Unfortunately, we haven’t even remotely approached Graham’s Number — and by remotely, I don’t mean that we are halfway there. I mean that we haven’t even really started on our journey yet. At this point, we have pointed out how unimaginably much larger each arrow makes the number, remembering 3↑3 is 27 and 3↑↑3 is 7.6 trillion. So one more step, 3↑↑↑↑3? Huge! The height of this tower of threes has the equivalent to a tower of 7.6 trillion threes as the number of threes in it. And this is the real starting point of Graham’s Number, because we will define 3↑↑↑↑3 as equal to g_{1}.

Now, you see how we described it as g_{1}? What would g_{2} be?

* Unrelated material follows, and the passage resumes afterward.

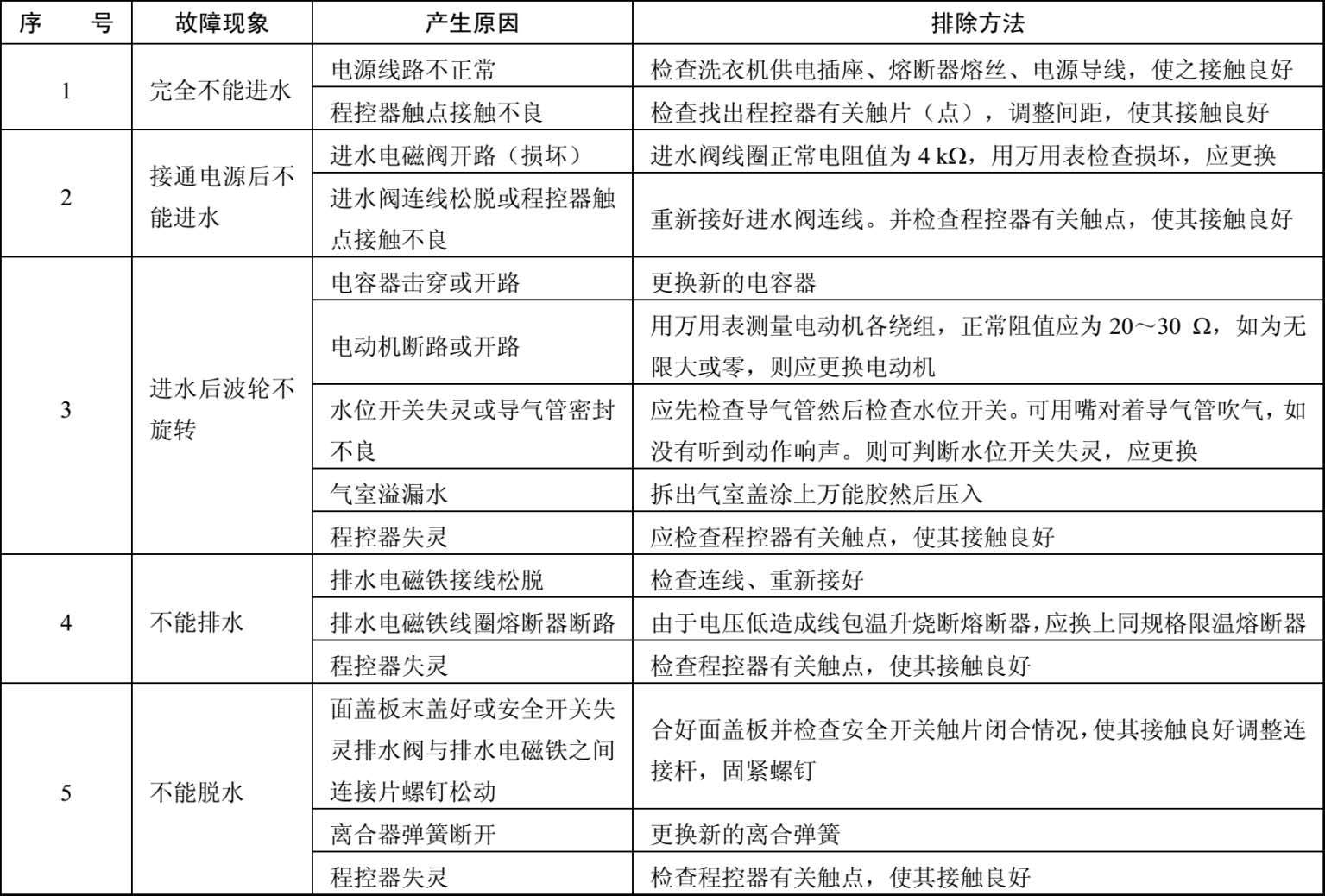 机械程控式全自动洗衣机常见故障速查与检修如表1-3所列,供快速检修故障时参考。

Interestingly, that would be 3↑↑↑ … ↑↑↑3 where there are g_{1} arrows. I am not saying there are g_{1} threes in the tower, I am saying that there are g_{1} arrows. Do this again, and g_{3} is 3↑↑↑ … ↑↑↑3 with g_{2} arrows. I cannot stress how unbelievably gargantuan these numbers are. It is impossible to even attempt to describe how many digits there are. The number of atoms in the observable universe is only something like (3↑↑3) raised to the sixth power, and we were far beyond this with simply 3↑↑↑3.

Back to Graham’s Number. Remember g_{3}? Continue that same process of creating a number higher of “g” until you get to g_{64}, and you have finally reached Graham’s Number. At this point, Graham’s Number seems like it may as well be infinite. When counting to infinity, we usually just go one, two, three, … ∞. But alas, Graham’s Number is farther from infinity than one is from Graham’s Number. By definition, even g with the subscript of Graham’s Number is smaller than infinity. So, next time you think about “infinity,” think about how large finite numbers can get and know infinity is honestly unimaginably further away than that.

*The views expressed in this column are those of the author and not necessarily those of The Observer.*